- [Work instructions]: Reproduce the opening lines of the listing below exactly, stopping after the line that contains "FONTE: EUROMEDIA RESEARCH" and leaving out any pictures.

- [Available data]:
■ ■ ■ ■

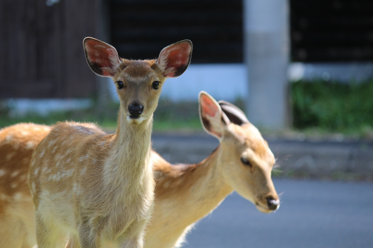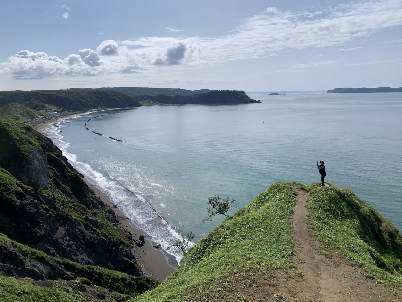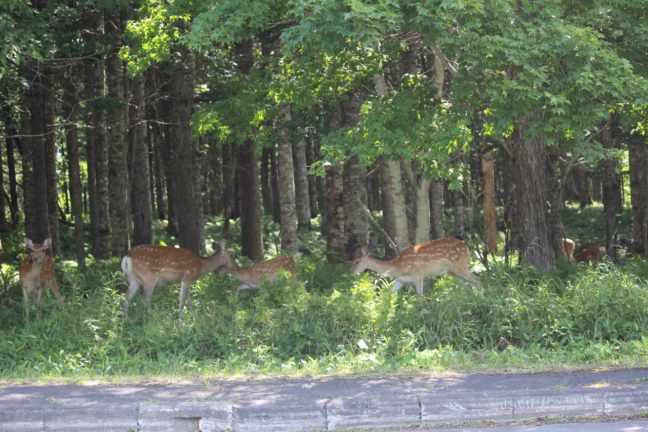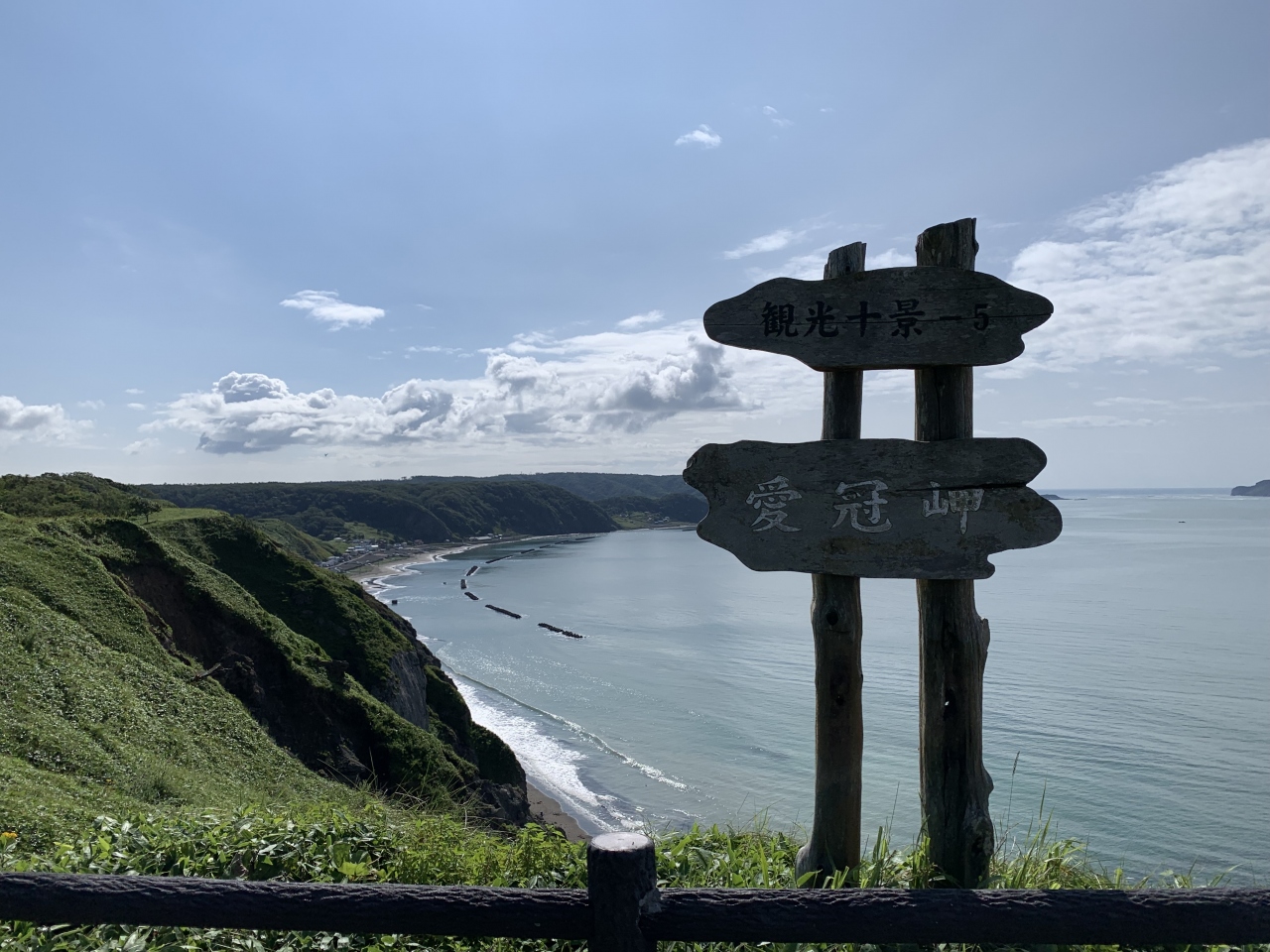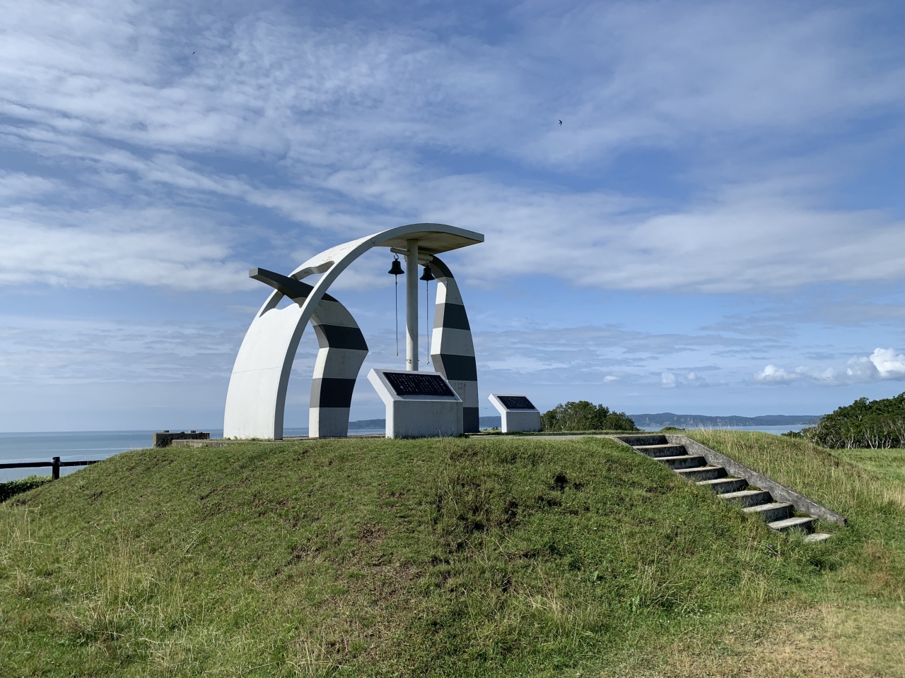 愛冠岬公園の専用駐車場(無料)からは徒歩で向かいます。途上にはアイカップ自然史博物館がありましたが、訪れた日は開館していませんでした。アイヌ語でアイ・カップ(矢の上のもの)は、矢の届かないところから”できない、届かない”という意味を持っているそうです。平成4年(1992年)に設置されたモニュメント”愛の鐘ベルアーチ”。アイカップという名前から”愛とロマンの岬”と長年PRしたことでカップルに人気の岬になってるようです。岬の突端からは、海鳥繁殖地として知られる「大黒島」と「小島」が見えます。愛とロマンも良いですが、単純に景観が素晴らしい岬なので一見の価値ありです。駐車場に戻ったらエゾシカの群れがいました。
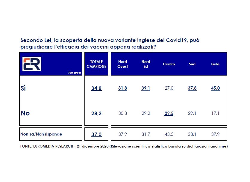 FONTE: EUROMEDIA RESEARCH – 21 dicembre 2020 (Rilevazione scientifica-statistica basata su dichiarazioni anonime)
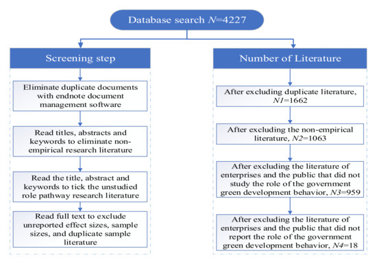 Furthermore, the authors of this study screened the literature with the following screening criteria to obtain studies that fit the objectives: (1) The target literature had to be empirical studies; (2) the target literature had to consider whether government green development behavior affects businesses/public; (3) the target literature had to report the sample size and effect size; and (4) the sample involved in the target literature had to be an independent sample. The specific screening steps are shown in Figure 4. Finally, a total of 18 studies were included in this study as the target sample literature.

■ ■ ■ ■

- [Reply to the exercise]:
 愛冠岬公園の専用駐車場(無料)からは徒歩で向かいます。途上にはアイカップ自然史博物館がありましたが、訪れた日は開館していませんでした。アイヌ語でアイ・カップ(矢の上のもの)は、矢の届かないところから”できない、届かない”という意味を持っているそうです。平成4年(1992年)に設置されたモニュメント”愛の鐘ベルアーチ”。アイカップという名前から”愛とロマンの岬”と長年PRしたことでカップルに人気の岬になってるようです。岬の突端からは、海鳥繁殖地として知られる「大黒島」と「小島」が見えます。愛とロマンも良いですが、単純に景観が素晴らしい岬なので一見の価値ありです。駐車場に戻ったらエゾシカの群れがいました。
 FONTE: EUROMEDIA RESEARCH – 21 dicembre 2020 (Rilevazione scientifica-statistica basata su dichiarazioni anonime)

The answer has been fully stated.